Our next destination after the Flinders Ranges was Leigh Creek.  We travelled to Leigh Creek via Blinman then the gravel through the Parachilna Gorge to Parachilna then up to Leigh Creek.  We were leaving the van at Leigh Creek and going out to the Gammon Ranges National Park.  This is where Arkaroola is as most people would know of.  We were told that this wasn’t as good as it used to be and was a bit run down now.  But we didn’t let that deter us and we still planned to go.

Leigh Creek was a mining town that was built for the coal mine nearby.  The coal from here was sent to the Port Augusta Power Station and when that was closed it meant the end of Leigh Creek.  To their credit the locals have got together and are putting in a huge effort to keep the town going and making it very welcome for visitors, and I think it will pay off for them.  Just a few kilometres down the road is the town of Copley that has a great bakery that sells yummy pies and delicious quondong tarts.  Definitely worth a short detour to sample these.

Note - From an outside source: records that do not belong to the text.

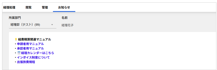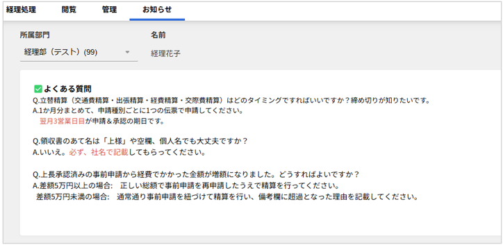 社員の方から多く寄せられる、よくある質問を「お知らせ」タブにまとめる活用方法です。
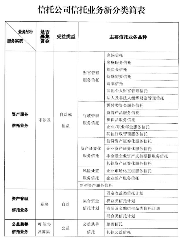 近日,银保监会正式印发《中国银保监会关于规范信托公司信托业务分类的通知》,将信托业务分为资产服务信托、资产管理信托、公益慈善信托三大类共25个业务品种。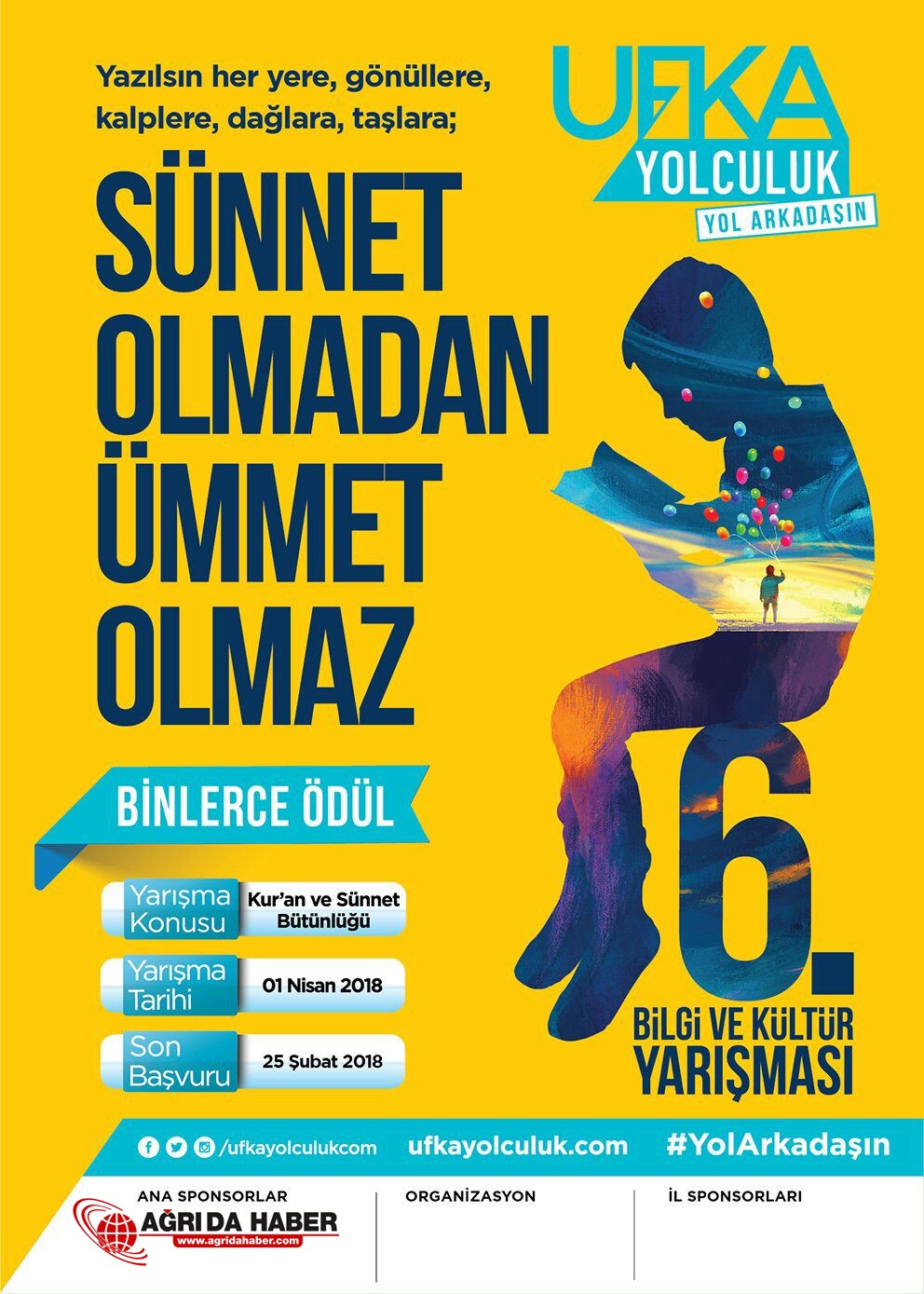 “Sünnet Olmadan Ümmet Olmaz” temasıyla 3 dil ve 11 ayrı kategoride düzenlenecek 6. Ufka Yolculuk Kültür Yarışması'nın 14 Kasım 2017 tarihinde başlayan kayıtları, 04 Mart 2018 tarihine kadar devam edecek.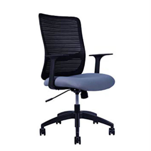 Silla con marco y patas Negras, brazos ajustables en altura. Tapizado silla Gris Oscuro y espaldar en malla negra. Soporte Lumbar. Regulacion de altura en la silla. Dos posiciones de bloqueo en el espaldar.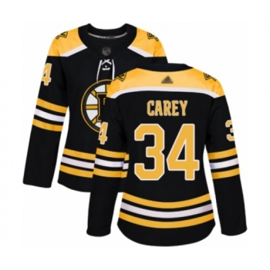 Women's Boston Bruins #34 Paul Carey Authentic Black Home Hockey Jersey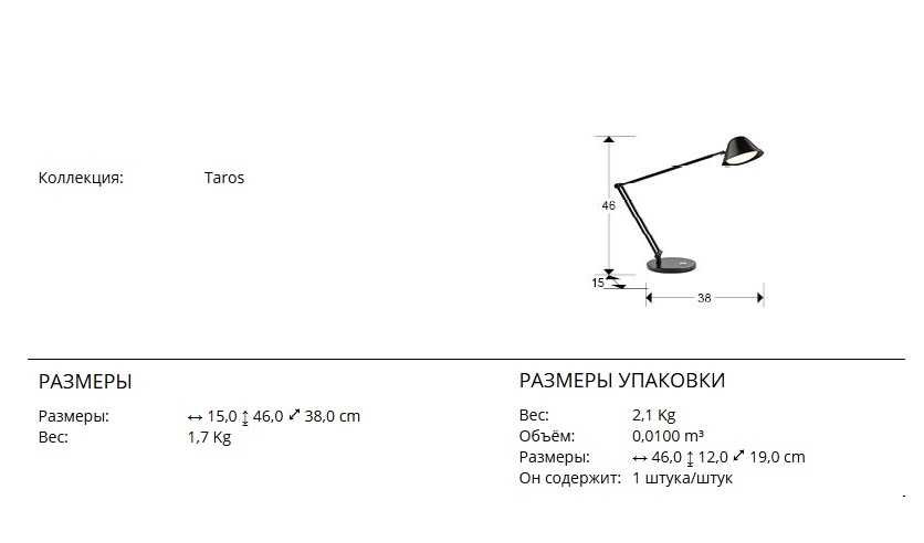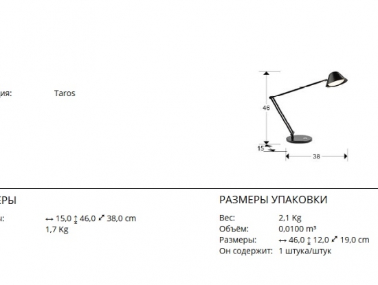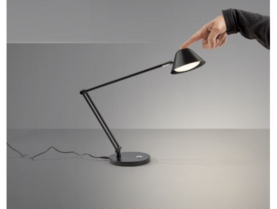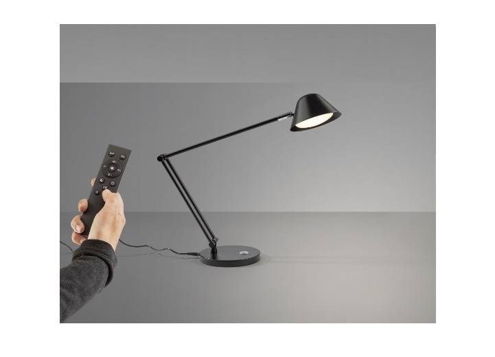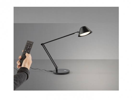 Настольная светодиодная лампа из коллекции Taros с основанием из металла с черным матовым покрытием. Плафон поворотный в двух плоскостях. Ножка также регулируема по высоте до 46 см. Световым потоком можно управлять как с кнопки на светильнике, так и с пульта управления, что удобно, когда нужно отойти или выйти из помещения. Мощность 10W LED, 900 lm, цветовая температура регулируется в диапазоне 3000-6500 K.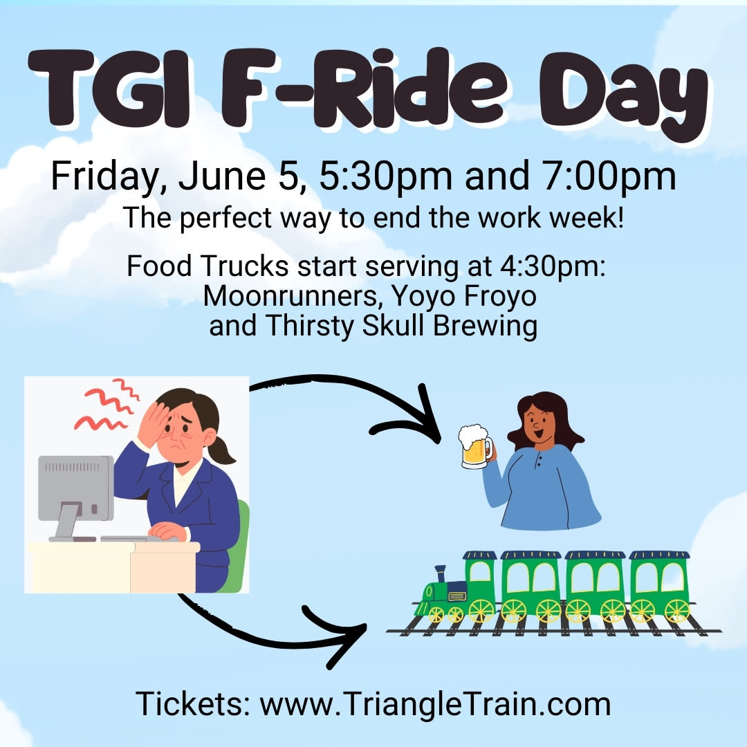 From mouthwatering food to craft beverages and a relaxing ride on the rails, TGI F-Ride Day has everything you need to recharge and celebrate the start of your weekend. Don’t miss the inaugural event — gather your friends, hop on board, and make Friday night your new favorite time of the week!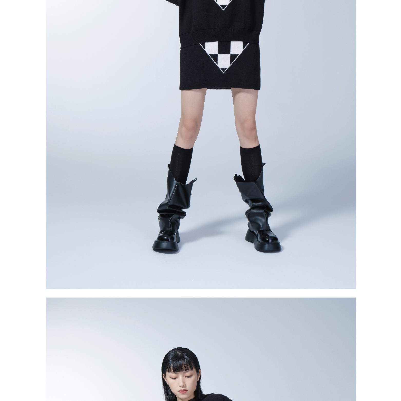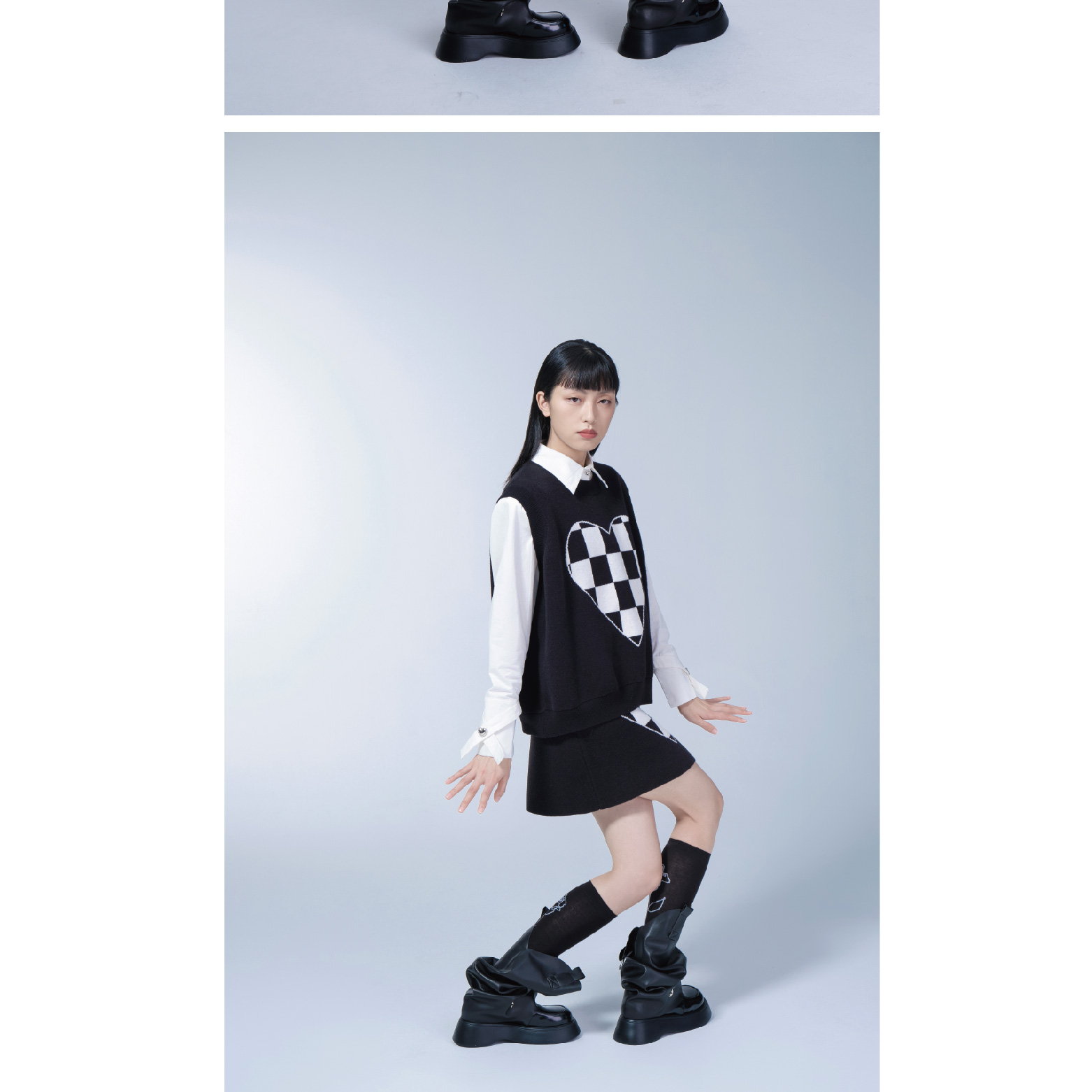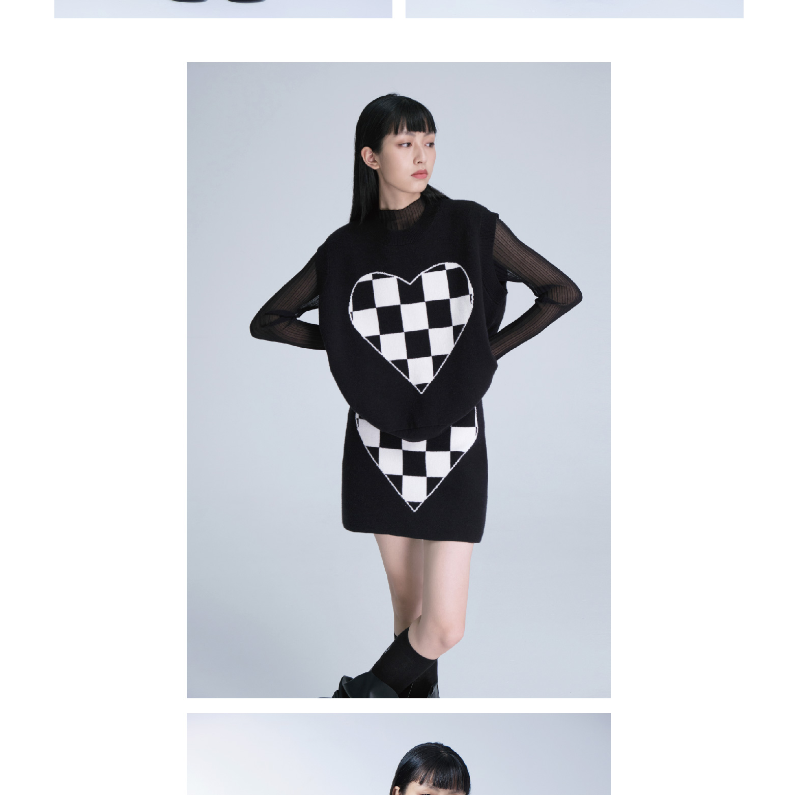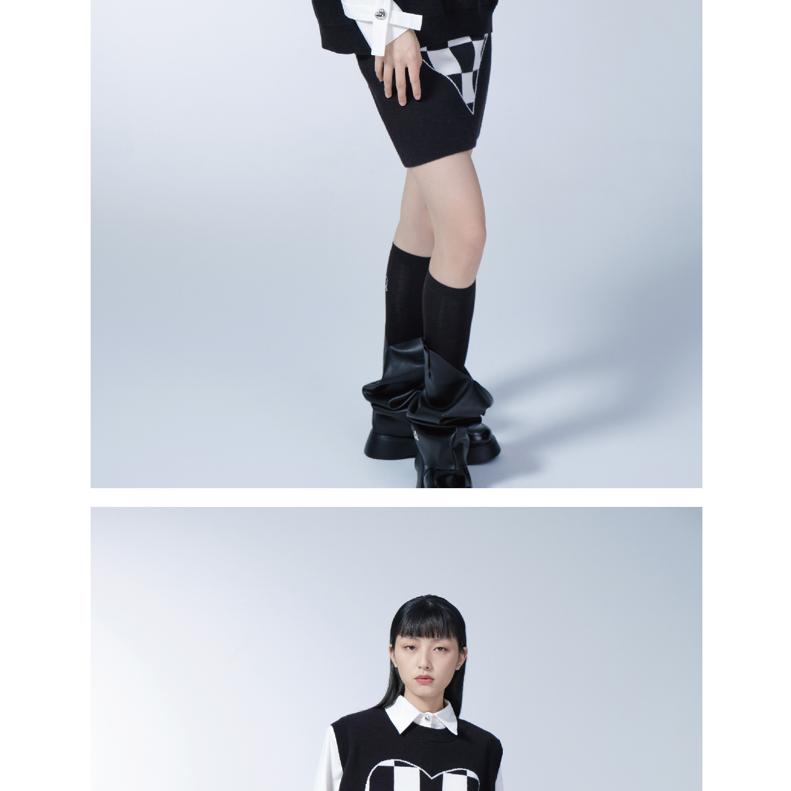 Black and White Plaid Knitted Vest

The drive out to the Gammon Ranges is on an excellent gravel road and it didn’t take us long to get out there.  We really liked the Gammon Ranges and thought they were probably a bit better than the Flinders Ranges.  On our drive out we did a circle drive through the heart of the park that took us through some spectacular and diverse scenery.  This was a great three hour drive that I would recommend to anyone planning to come this way.  Not really good if your towing a van or trailer but also not very challenging  with just your car.  We picked the Weetootla Campground for our two night stay.  There were a few camped here when we arrived and later that afternoon we found out they were from the Tweed Heads 4WD Club.  They invited us over to there camp fire both nights and we had a good yarn with them.  One of the team read a short story each night about the area and it was a great way to hear some of the yarns regarding the history of the place.  The walk up through the Weetootla Gorge was also pretty good and we managed to make it all the way to the spring and see the water coming out.  Also on this walk we were lucky to see quite a few Yellow Footed Rock Wallabies as they had almost been hunted out at one stage due to their fur being very sought after at one stage.  It was good to see that they seem to be recovering so well

Great Wall of China
Old hut on the circle drive through the Gammon Ranges

 

Part of the circle track

 

Great views from the top of the track

 

Great views from the top of the track

 

Great views from the top of the track

 

Camping at Weetootla Campground

 

Yellow Footed Rock Wallaby

 

Yellow Footed Rock Wallaby

 

Yellow Footed Rock Wallaby

 

Yellow Footed Rock Wallaby – check out how long the tail is

 

Yellow Footed Rock Wallaby

 

Morning tea at Weetootla Gorge spring

 

Weetootla Gorge Spring

 

Devil’s Head in Weetootla Gorge

 

Weetootla Gorge

 

Entrance into Leigh Creek

 

Aroona Dam at Leigh Creek

 

Aroona Dam at Leigh Creek

 

From Leigh Creek it was a little further north towards Maree.  We had about 50 kilometres of bitumen then it was the start of a few gravel roads for us.  We had heard different reports on the condition of the gravel road from Lyndhurst to Maree, but we thought it was fine after doing it.  That’s one of the things you realise after travelling for a while is all the different perceptions people have of gravel roads.  I think they should all go and live in the Pilbara for a while and see what gravel roads are really like.  The ones over here that we have travelled on are nearly all smoother that most bitumen roads.  We also passed through Farina which is an abandoned small town that is known now for the bakery that opens for about six weeks each year and is run by volunteers.  We were about three weeks to early and definitely were not going to hang around and wait.  It was a bit windy the day we were there and the dust was just terrible.  At Maree we stayed at the caravan park and they have a great deal for a meal at night.  $15.00 for two courses and you serve yourself.  The meals were excellent and the sweets even better.  Great value if you stay there.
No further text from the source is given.